Post by Susan Peabody on Aug 19, 2020 22:47:43 GMT
Therapy is a mixed bag. Sometimes you have a good therapist and you get a lot out of it. Sometimes you have an inadequate therapist and it’s a waste of time. But, nothing ventured, nothing gained, and if you’re not satisfied with your life, then giving therapy a try might do the trick. The individual attention and intuition of a therapist can untangle a lot of mysteries. And change always begins with the truth.
Therapy can be a slow process, especially if you just sit there and talk. What makes therapy work is acting upon the insights you get from a good session. Furthermore, your therapist is not going to wave a magic wand and change you. You have to do the work. One day I told my therapist that I was unhappy with the progress we were making. “What do you mean “we?” he said. “Well,” I mumbled, “isn’t this a team effort?” “No,” he said, “You’re the one that has to do the work. I hold the flashlight; you chop the wood.” I was shocked by this statement, but it was the beginning of a change in my attitude about therapy. I realized my therapist wasn’t going to fix me. I had to start doing things differently if I wanted to change. The following story explains how therapy helped me change.

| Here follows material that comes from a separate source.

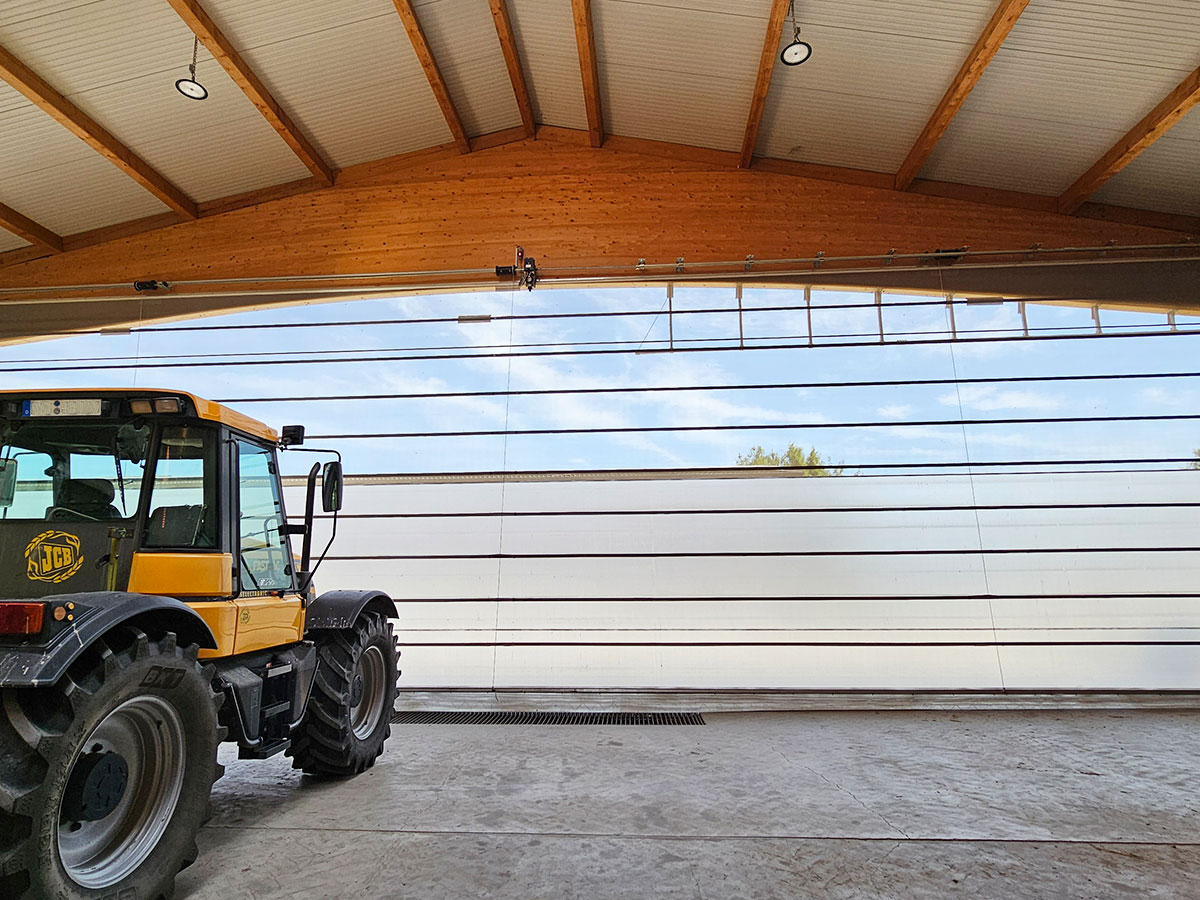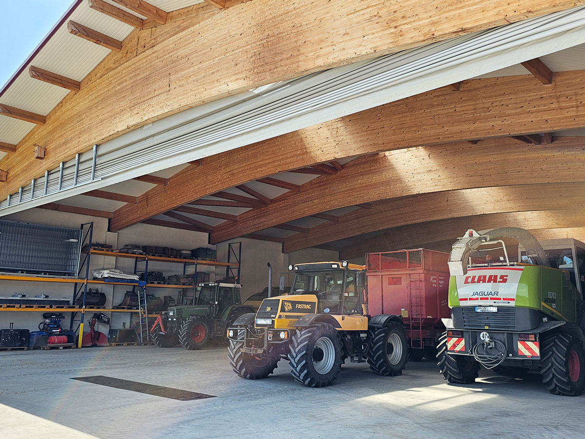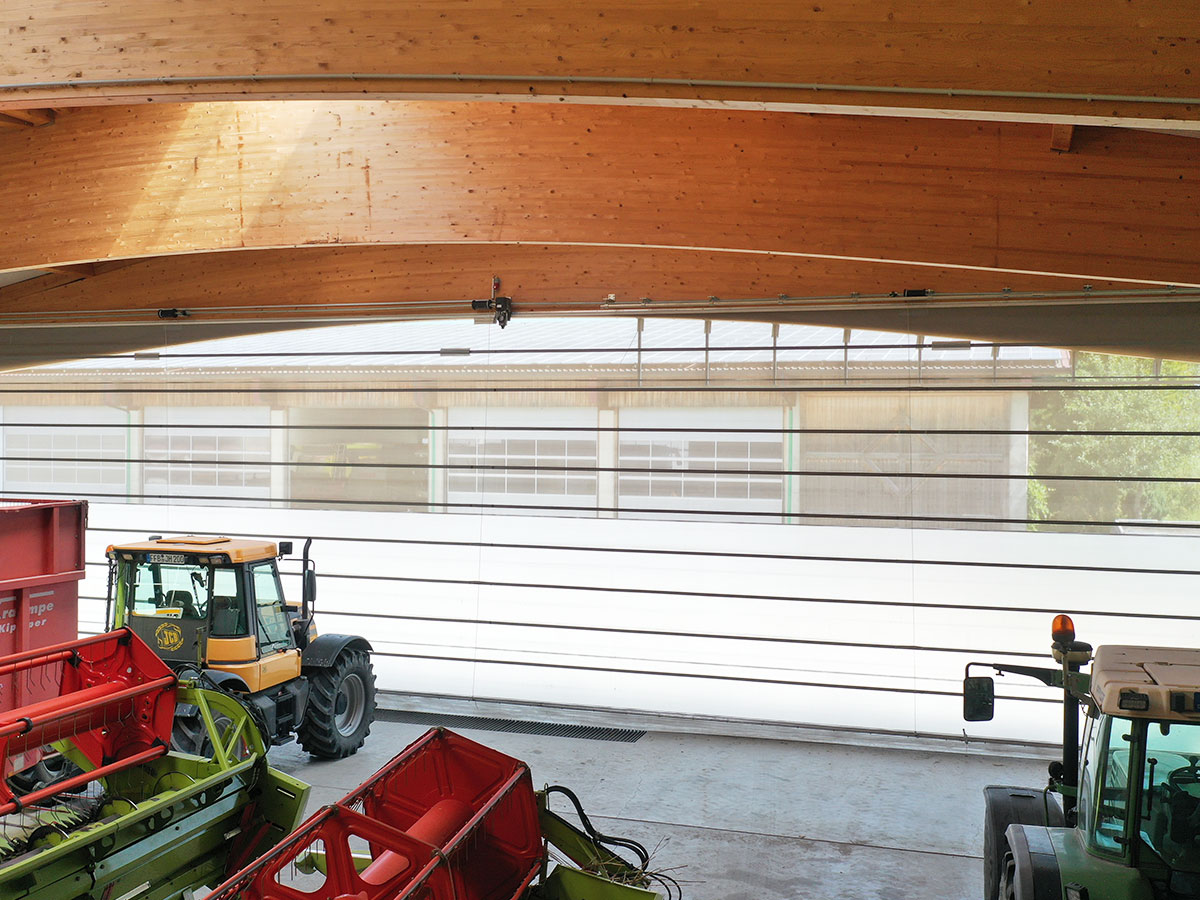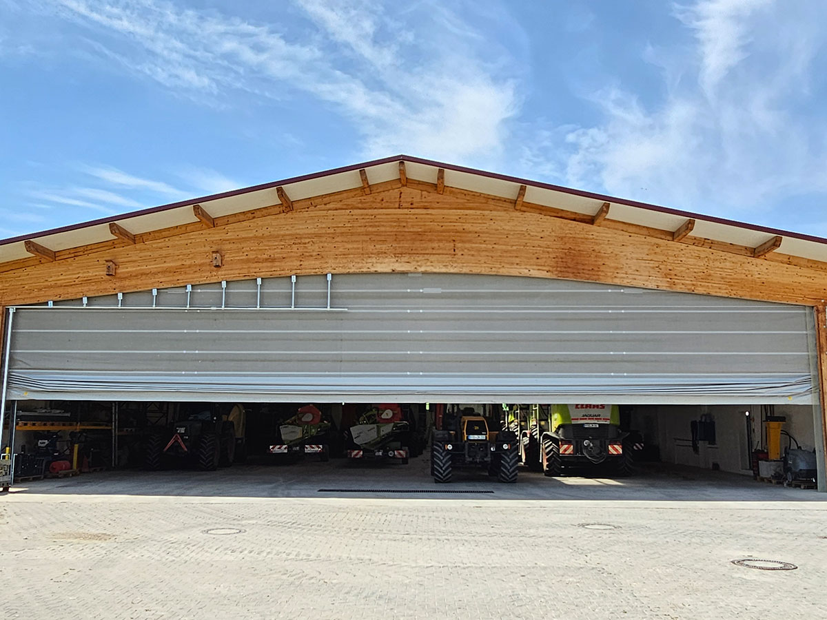Mit dem neuen 23 Meter breiten Windschutztor hat das Lohnunternehmen Hollinger eine Lösung erhalten, die exakt auf die Anforderungen eines modernen landwirtschaftlichen Lohnunternehmens zugeschnitten ist. Das elektrische Falttor ermöglicht nicht nur maximale Einfahrtsbreite, sondern sorgt auch für Helligkeit, Luftzirkulation und Betriebssicherheit innerhalb der Maschinenhalle. Das Ergebnis: eine Lagerhalle für Maschinen, die den Arbeitsalltag deutlich erleichtert und optimalen Schutz für die wertvolle Landtechnik bietet.

As long as I could remember, I had been angry with my mother, both as a child and as an adult. Once I had a dream in which I was so angry at my mother that I was paralyzed. I couldn’t move. I opened my mouth to scream at her, and the words got stuck in my throat. Later in the dream I was talking to my father, and he told me that my mother was pregnant. I went into a rage. Then my mother appeared and I screamed at her, “You are going to do to another child what you did to me?” I was so angry I woke myself up. I didn’t tell my therapist about the dream right away. Instead I went to my mother. I wanted to process my feelings about my childhood with her, so I asked her a lot of questions about what was going on in the family when I was young. Mom just stared at me. She didn’t want to talk about it. “I don’t remember,” she said. I was livid. Not only had she neglected me as a child, and exposed me to the parent who had abused her, now she was impending in my attempts to get better. When I finally talked to my therapist about it, he said something interesting. He shrugged his shoulders and said sympathetically, “Oh, she couldn’t do it.” I stopped dead in my tracks when I realized that he didn’t say “she wouldn’t do it.” He said she “couldn’t do it.” What a difference a letter can make. I suddenly began looking at my mother in a brand-new light.
It took time, but eventually I changed my mind about my mother. A change in my feelings quickly followed. Then I started treating my mother differently. I changed. Our relationship changed. This is how therapy is supposed to work. You uncover things. You process your feelings. Your feelings change. You treat people differently. You change. Your relationships change. Then you repeat the process all over again.